我が国では、各分野で脱炭素社会の実現に向けての取り組みが加速しています。一方で、気候変動に伴う自然災害の激甚化、人口減少・少子高齢化、インフラの老朽化など多くの社会的課題に直面しております。また、建設業界では就労者の高齢化により担い手不足が深刻化してきており、近年は輸送従事者の就業時間の抑制による輸送費の高騰なども懸念されています。

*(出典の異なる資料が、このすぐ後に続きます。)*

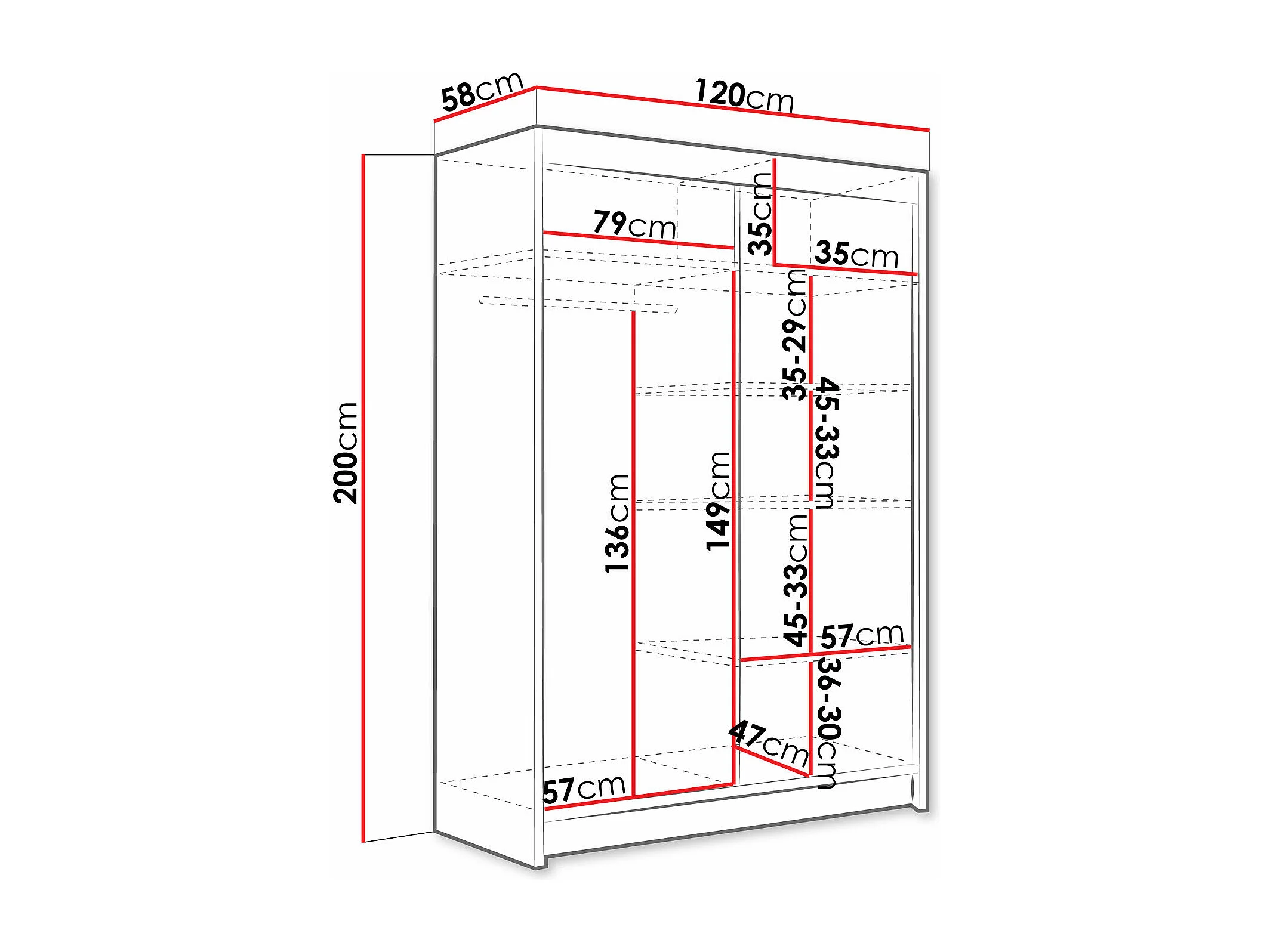 Armoire Closico 133, Sonoma chêne, 200x120x58cm, Portes d'armoire: Coulissantes

ESCONは国内の技術と材料で構築した圧縮強度150N/mm2の超高強度を有する合成繊維補強コンクリートです。特徴として非常に緻密な組織を有するため、劣化因子の浸入がなく極めて高い耐久性を有しているので、構造物の長寿命化によるライフサイクルコストの低減が可能となります。さらに、超高強度を活かし構造部材の軽量化が実現でき、プレキャスト部材として採用した場合は、現場での省力化や輸送費の低減が可能となります。
また、現場での練混ぜ、打込みが可能であることや、高流動の特徴を有していることから過密配筋構造体へも対応でき、締固め作業も不要なことを確認しており、今後の適用拡大が期待されます。

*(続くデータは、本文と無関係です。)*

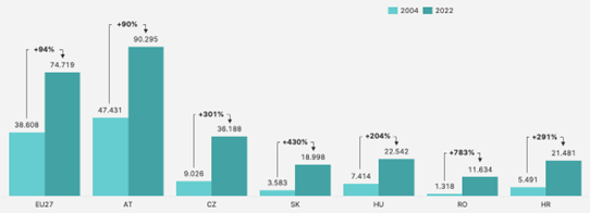 „2024-ben ünnepeljük az Európai Unió kelet-közép-európai bővítésének huszadik évfordulóját, amelynek során Csehország, Magyarország és Szlovákia is szerepet kapott az EU eddigi legnagyobb, tíz új belépőt jelentő csatlakozási hullámában. Az elmúlt húsz év során a kelet-közép-európai gazdaságok jelentős fejlődésen mentek keresztül. A felzárkózási folyamat eredményként a régió egyes országai – például Csehország – nemcsak hogy sikerrel zárkóztak fel, hanem (a vásárlóérték-paritással korrigált) az egy főre eső GDP-t tekintve le is hagytak egyes nyugat-európai országokat, például Spanyolországot. A kelet-közép-európai gazdaságok hosszú távú növekedésének köszönhetően a régió lakossága és háztartásai a két évtizeddel ezelőtti szintet jelentősen meghaladó jólétet élvezhetnek” – mondta Willi Cernko.

上述するように、ESCONを用いることで構造物の長寿命化がはかれるため、従来のスクラップ&ビルドと比較し、ライフサイクルCO2の低減に期待でき、脱炭素社会の実現に向けて有効な手段になるものと考えます。
このようにESCONは、わが国が抱える様々な課題を解決することが期待できる材料であります。当協会では、ESCONを用いた設計資料や現場施工する場合のマニュアル等を整備し、協会員各社様と共にESCONの普及拡大に努めております。
これからも社会インフラへのESCON技術の普及をめざしてさらに技術開発等を進めていきたいと考えておりますので、今後ともご支援ご協力を賜りますようお願い申し上げます。